Task item: Restate all of the data precisely, omitting nothing.

########################################

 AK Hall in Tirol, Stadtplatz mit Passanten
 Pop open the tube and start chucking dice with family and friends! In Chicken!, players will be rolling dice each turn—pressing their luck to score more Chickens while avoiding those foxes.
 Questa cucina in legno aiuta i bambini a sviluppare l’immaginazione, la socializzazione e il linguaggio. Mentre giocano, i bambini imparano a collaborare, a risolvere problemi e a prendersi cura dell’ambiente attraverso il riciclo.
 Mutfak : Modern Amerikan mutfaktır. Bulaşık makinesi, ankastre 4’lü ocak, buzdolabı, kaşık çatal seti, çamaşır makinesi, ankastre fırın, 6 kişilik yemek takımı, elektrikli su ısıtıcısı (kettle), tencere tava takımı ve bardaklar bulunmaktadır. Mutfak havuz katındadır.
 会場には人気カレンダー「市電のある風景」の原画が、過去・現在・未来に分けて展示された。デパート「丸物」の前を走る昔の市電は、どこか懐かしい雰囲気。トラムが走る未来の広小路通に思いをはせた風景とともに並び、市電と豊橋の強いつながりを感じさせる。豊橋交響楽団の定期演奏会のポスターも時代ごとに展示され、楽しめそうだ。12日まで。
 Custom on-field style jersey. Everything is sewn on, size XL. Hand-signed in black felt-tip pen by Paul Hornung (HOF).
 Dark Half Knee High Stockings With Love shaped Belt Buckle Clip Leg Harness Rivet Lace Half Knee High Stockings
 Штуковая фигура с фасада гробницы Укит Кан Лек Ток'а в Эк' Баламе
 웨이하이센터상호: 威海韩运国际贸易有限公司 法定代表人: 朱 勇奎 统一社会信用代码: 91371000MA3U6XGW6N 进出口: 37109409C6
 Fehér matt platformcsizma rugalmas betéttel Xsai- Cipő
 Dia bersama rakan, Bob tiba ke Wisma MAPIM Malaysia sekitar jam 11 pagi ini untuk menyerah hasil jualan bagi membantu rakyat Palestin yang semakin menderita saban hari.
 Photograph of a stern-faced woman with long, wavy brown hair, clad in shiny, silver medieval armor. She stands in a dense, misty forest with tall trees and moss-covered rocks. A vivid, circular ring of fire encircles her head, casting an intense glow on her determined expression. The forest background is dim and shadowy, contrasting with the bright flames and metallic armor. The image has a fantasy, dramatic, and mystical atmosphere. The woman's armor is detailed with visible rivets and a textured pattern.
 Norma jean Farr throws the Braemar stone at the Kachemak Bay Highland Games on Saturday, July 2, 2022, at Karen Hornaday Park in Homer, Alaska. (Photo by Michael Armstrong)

########################################

Final answer:
 AK Hall in Tirol, Stadtplatz mit Passanten
 Pop open the tube and start chucking dice with family and friends! In Chicken!, players will be rolling dice each turn—pressing their luck to score more Chickens while avoiding those foxes.
 Questa cucina in legno aiuta i bambini a sviluppare l’immaginazione, la socializzazione e il linguaggio. Mentre giocano, i bambini imparano a collaborare, a risolvere problemi e a prendersi cura dell’ambiente attraverso il riciclo.
 Mutfak : Modern Amerikan mutfaktır. Bulaşık makinesi, ankastre 4’lü ocak, buzdolabı, kaşık çatal seti, çamaşır makinesi, ankastre fırın, 6 kişilik yemek takımı, elektrikli su ısıtıcısı (kettle), tencere tava takımı ve bardaklar bulunmaktadır. Mutfak havuz katındadır.
 会場には人気カレンダー「市電のある風景」の原画が、過去・現在・未来に分けて展示された。デパート「丸物」の前を走る昔の市電は、どこか懐かしい雰囲気。トラムが走る未来の広小路通に思いをはせた風景とともに並び、市電と豊橋の強いつながりを感じさせる。豊橋交響楽団の定期演奏会のポスターも時代ごとに展示され、楽しめそうだ。12日まで。
 Custom on-field style jersey. Everything is sewn on, size XL. Hand-signed in black felt-tip pen by Paul Hornung (HOF).
 Dark Half Knee High Stockings With Love shaped Belt Buckle Clip Leg Harness Rivet Lace Half Knee High Stockings
 Штуковая фигура с фасада гробницы Укит Кан Лек Ток'а в Эк' Баламе
 웨이하이센터상호: 威海韩运国际贸易有限公司 法定代表人: 朱 勇奎 统一社会信用代码: 91371000MA3U6XGW6N 进出口: 37109409C6
 Fehér matt platformcsizma rugalmas betéttel Xsai- Cipő
 Dia bersama rakan, Bob tiba ke Wisma MAPIM Malaysia sekitar jam 11 pagi ini untuk menyerah hasil jualan bagi membantu rakyat Palestin yang semakin menderita saban hari.
 Photograph of a stern-faced woman with long, wavy brown hair, clad in shiny, silver medieval armor. She stands in a dense, misty forest with tall trees and moss-covered rocks. A vivid, circular ring of fire encircles her head, casting an intense glow on her determined expression. The forest background is dim and shadowy, contrasting with the bright flames and metallic armor. The image has a fantasy, dramatic, and mystical atmosphere. The woman's armor is detailed with visible rivets and a textured pattern.
 Norma jean Farr throws the Braemar stone at the Kachemak Bay Highland Games on Saturday, July 2, 2022, at Karen Hornaday Park in Homer, Alaska. (Photo by Michael Armstrong)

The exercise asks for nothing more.